"Why not?"

"You would not wish to cultivate my acquaintance further, M'sieur Vidal, if—if you were aware of the actual truth. Besides, this friendship which you have shown to me may, in itself, prove fatal to you. If you do not exercise the greatest precaution, your reward for saving me, as you did that night at Balmaclellan, will be death!"

"You are apprehensive on my account?" I asked, wondering whether she were really in earnest—or whether beneath her strange warning there lay some subtle motive.

"Yes," was her frank response. "Take great care, or death will come to you at a moment when you least expect it."

For an instant I was silent. Her warning was truly a curious and disconcerting one, for I knew the dangerous character of Jules Jeanjean. That if he threatened, he meant action.

"I do not care for myself, Lola," I said at last. "I am thinking how I can protect you, and rescue you from the hands of these unscrupulous men."

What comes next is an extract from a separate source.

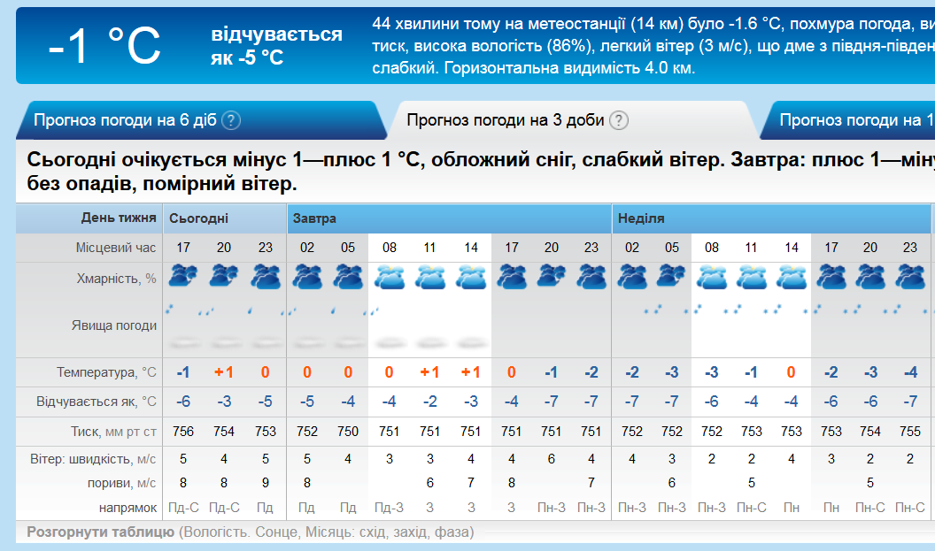 Ventusky жодних опадів нам на вікенд не прогнозує. У суботу, 4 лютого, погода буде похмурою, а температура повітря коливатиметься від -1ºС до +1ºС, а у неділю, 5 лютого, зранку сонце покажеться з-за хмар, а температура повітря знизиться до -4ºС.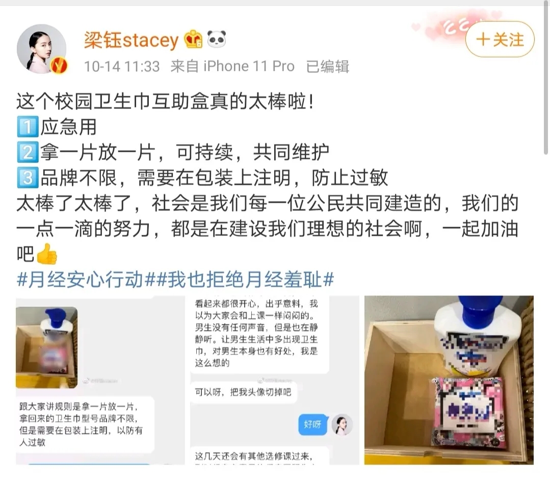 2020年10月14日,博主@梁鈺stacey在微博分享了一位中學(xué)女教師給她的留言,該名女教師在教室里做了衛(wèi)生巾互助盒,方便忘帶衛(wèi)生巾的女生使用。

"You cannot," she declared, with a hard, fixed look of desperation. "No, only be careful of yourself, and, at the same time, dismiss me from your thoughts. I—I am unworthy of your regard," she murmured, her voice choked by a sob. "Alas, entirely unworthy!"

"No, no," I urged. "I will not allow you to speak like that, Lola. Ever since you entered my room, on that well-remembered night in Scotland, I have wondered how best I could assist you to lead an honest life; how I could——"

"I can accept no further assistance from you, M'sieur Vidal," she interposed, in a quivering voice. "I repeat that I am utterly unworthy," she cried, and shivered with despair, as she stood erect before me. "And—and—if you only knew the truth—the terrible truth of the past—you would at once, I know, turn and discard me—nay, you would probably ring for the waiter and hand me over to the police without either compunction or regret."

And the girl, known as "The Nightingale," stood before me, her face white and hard, her eyes with a strange light in them, staring straight before her, her breast heaving and falling with emotion which she was trying in vain to suppress.